NASA's spaceship captures a gigantic Solar Tornado on Film

It's one of the great fun information about space, and you may be educated it in third grade: the planet Jupiter is home to a massive, long-lasting cyclone known as the Great Red Spot, so massive that it could swallow up three Earths. The Spot may have been covered as early as 1665 and was seen for in no doubt in 1830. Since the arrival of recent telescopes and space probes, astronomers have found heated weather conditions all over the solar system, as well as storms on Saturn, Uranus, Neptune and Venus. Even Mars, with hardly any environment to articulate of, is repeatedly swept by extremely large dust storms. 

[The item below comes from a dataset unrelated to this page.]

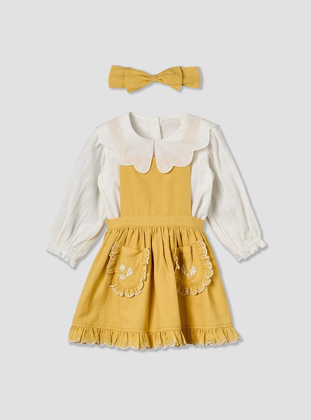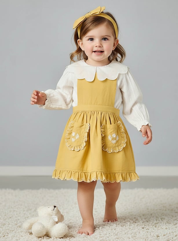 Giggles Embroidered Pinafore Dress and Top Set with Headband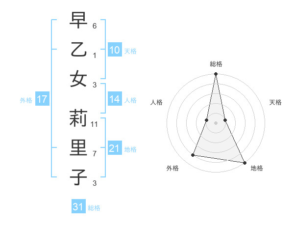 早乙女 莉里子さんを姓名の画数から五運を鑑定

In short, the idea of tempests on other planets is attractive much a yawn these days. But even for the cosmically fed-up, new information out of NASA's orbiting Solar Dynamics Observatory is tough to ignore. On Sept. 25, the spaceship recorded a huge storm on the sun - a storm five times the width of Earth, reaching high into the solar atmosphere, with winds clocked at a burning 300,000 km/h (186,000 m.p.h.). “Burning," in this case, is not literal term: the gases entrained in the storm reached a probably 2,000,000°C - that's 3,600,000°F, even though at temperatures like that, the degree only just matters. The tornado lasted at least 3 hours, and traveled about 200,000 km (125,000 miles) - and there's a movie, the first ever filmed of such a storm, to prove it. 

Unlike twisters on Earth, which are natural out of roiling manner, the solar variety is triggered by powerful attractive storms. In fact, tornadoes on the sun often show up in the same places as coronal mass ejections, or CMEs, the eruptions that send blobs of electric particles out into space - and all too regularly, straight toward our planet. Solar astrophysicists even think the tornadoes may well perform as triggers for CMEs. 

Now that scientists have filmed one solar storm, they'll be on bewaring for more. Given the damage CMEs can cause on interactions networks on Earth, it could pay to have the best potential sense of when the next one might be coming.